Apparently the only, but crucial, problem is tsx-ctrl feature presence. The feature doesn't make sense when TSX is disabled but it may still modify guests in some way. As discussed with Jiří Denemark, libvirt cannot help us with the feature removal, whether the feature modifies guests under given circumstances or not. If removal of the feature while the guest is running would be harmless to the guest then QEMU could be modified not to fail on tsx-ctrl feature request when TSX is disabled (which is the case, since `rtm' and `hle' features are disabled). Arik, do we want to file a QEMU bug for requesting such a change and discussing whether it is possible?

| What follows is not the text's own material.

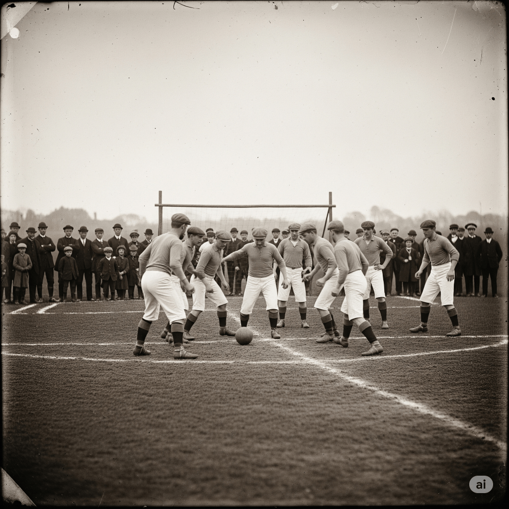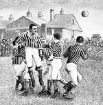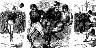 Drawing of what a soccer match in the late 1800s might have looked like.

The only other options are to instruct users either to restart the VMs or to enable TSX on the destination hosts (with all the implications regarding security and performance). Note that we have the same problem with file migrations; in theory there is an additional danger with them that a VM is suspended and once there is no 8.2 host present then the VM can no longer be resumed and must be powered off.
(In reply to Milan Zamazal from comment #5) > As discussed with Jiří Denemark, libvirt cannot help us with the feature > removal, whether the feature modifies guests under given circumstances or > not. If removal of the feature while the guest is running would be harmless > to the guest then QEMU could be modified not to fail on tsx-ctrl feature > request when TSX is disabled (which is the case, since `rtm' and `hle' > features are disabled). Arik, do we want to file a QEMU bug for requesting > such a change and discussing whether it is possible? Yes please, I think it will significantly simplify the upgrade process. > The only other options are to instruct users either to restart the VMs or to > enable TSX on the destination hosts (with all the implications regarding > security and performance). Note that we have the same problem with file > migrations; in theory there is an additional danger with them that a VM is > suspended and once there is no 8.2 host present then the VM can no longer be > resumed and must be powered off. I don't think that enabling TSX on the destination hosts would be recommended - but worth documenting that issue and that restarting the VMs can solve this. I'll create a documentation bug.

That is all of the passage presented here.